The following will not work.
```{r}
patients %>%
filter(case_id(patients) == 1)
```
just as the following will not work.
```{r}
patients %>%
filter("patient" == 1)
```
In order to successfully do this, we could use the symbol:
```{r}
patients %>%
filter(!!bupaR:::case_id_(patients) == 1)
```
More on symbols and !!: https://adv-r.hadley.nz/quasiquotation.html
Alternatively, the following notation works as well.
```{r}
patients %>%
filter(.data[[case_id(patients)]] == 1)
```
The .data here is a special command, _a pronoun_, that can be used in `dplyr` functions. More information here: https://adv-r.hadley.nz/quasiquotation.html
In `bupaR`, the preference goes to the latter notation. It has the advantage to be used in scripts both inside `bupaR` as well as outside (whereas the !! notation only works with the `bupaR:::` prefix).

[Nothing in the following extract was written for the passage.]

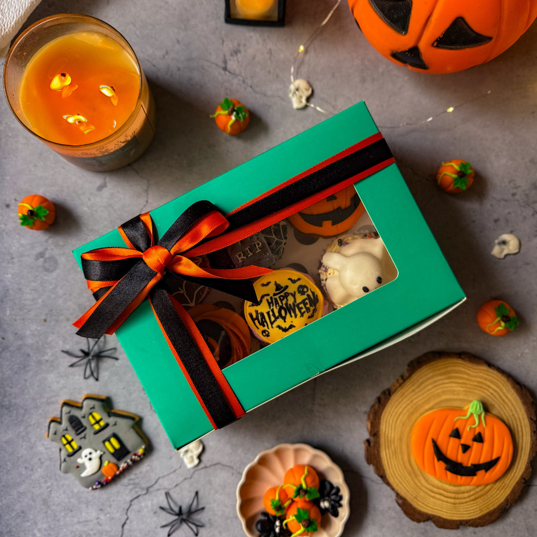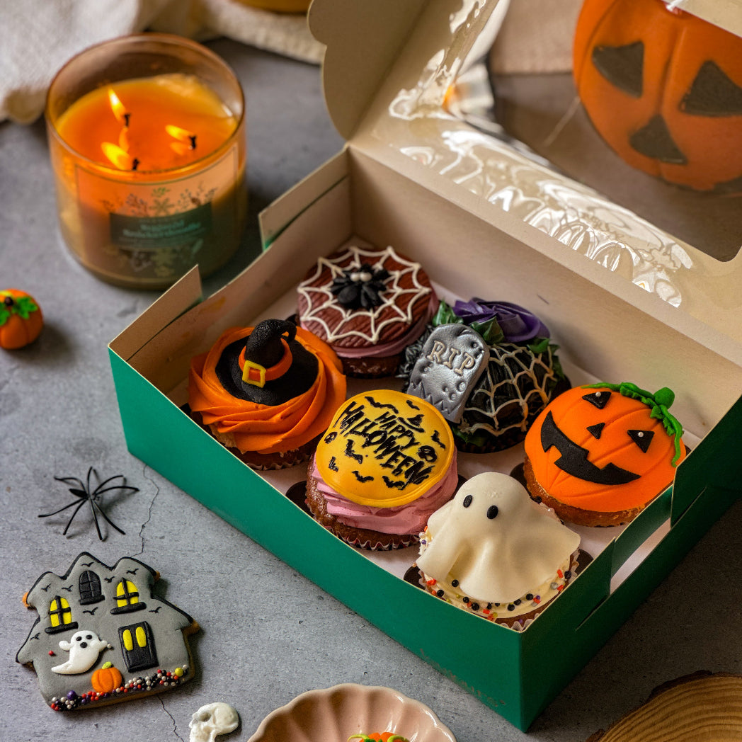 A treat that’s as spooky as it is sweet! Our Halloween Cupcakes come in six hauntingly beautiful designs — from witch hats to pumpkins and ghosts. Moist, fluffy, topped with our signature buttercream and decorated with handcrafted fondant designs, these cupcakes are a must-have for Halloween gatherings and dessert tables.
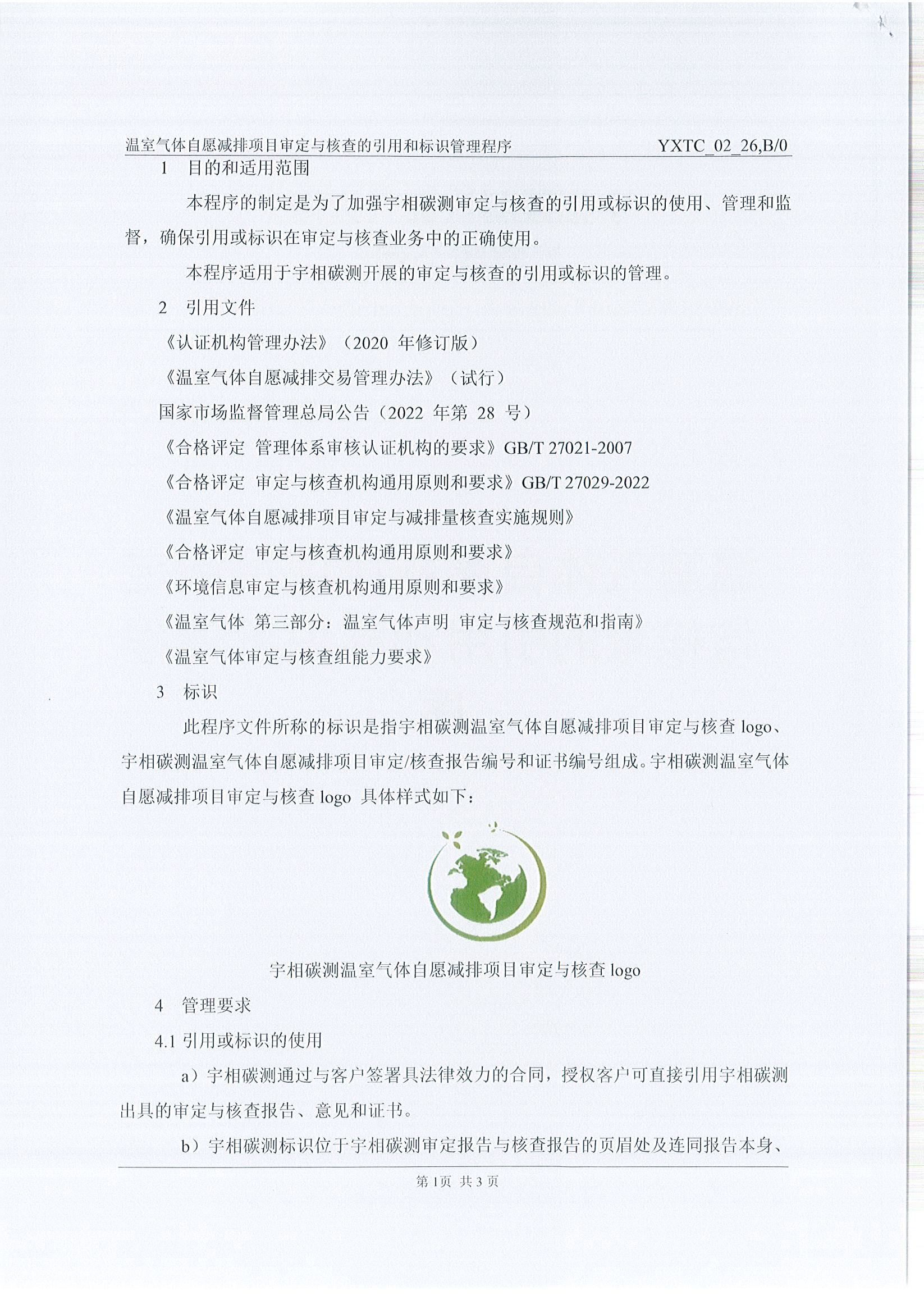 温室气体自愿减排项目审定与核查的引用和标识管理程序

It is also slightly easier to understand than the workings of !!.
That said, the use of `case_id_()` and `symbol(case_id())` is still widespread in `bupaR`, but the goal is to phase out this usage.
### dplyr verbs
The following dplyr verbs have received methods for activity logs and event logs.
- `filter()`
- `group_by()`
- `arrange()`
- `mutate()`
- `select()`
They will all return a proper log, i.e. there is no risk of losing the defined mapping.
Special attention has to be given to the following:
#### Select
Conventionally, `select()` will not ensure that the log maintains the variables it needs to be considered a log. The select methods for logs therefore will keep the listed variables __and__ the variables that define the event log.
The following code returns an `eventlog` object with the attribute _oligurie_, as well as the 6 variables needed to define the event log (plus the .order variable, see further).
```{r}
sepsis %>%
select(oligurie)
```
This behavior can be turned by setting `force_df = TRUE`. In that case, the select will work just like a traditional `select()`, and the result will be a `data.frame`, no longer `eventlog`.
```{r}
sepsis %>%
select(oligurie, force_df = TRUE)
```
Because of this, you can select just the _event log mapping_ using `select()`.
```{r}
sepsis %>%
select()
```
If you want to select only specific `eventlog` classifiers, you can use `selects_ids()`. Because you would typically not select all id's (otherwise you can use `select()`), this will by default turn your object to a `data.frame` object.
```{r}
sepsis %>%
bupaR::select_ids(activity_id, case_id)
```
Note how the different classifiers are defined: using the `_id()` functions, but without the brackets. And not using characters.
#### Group by
While `group_by()` is defined for logs, it should be noted that it requires special methods for each function before that function is "compatible" with grouped logs. Some utility functions for this do however exist (see further).
There are some short cuts for typical groupings when programming in `bupaR`:
- `group_by_case()`
- `group_by_activity()`
- `group_by_activity_instance()`
- `group_by_resource()`
- `group_by_resource_activity()`
```{r}
patients %>%
group_by_case()
```
is equivalent to
```{r}
patients %>%
group_by(.data[[case_id(patients)]])
```
While, except for the more common resource-activity, not all relevant combinations of groupings are provided as a shortcut, the internal `group_by_ids()` allows the use of any combination of `_id()` functions. For example:
```{r}
patients %>%
bupaR:::group_by_ids(activity_id, case_id)
```
Note that the notation is analogous to `select_ids()`: specify the id functions, without quotation marks or brackets.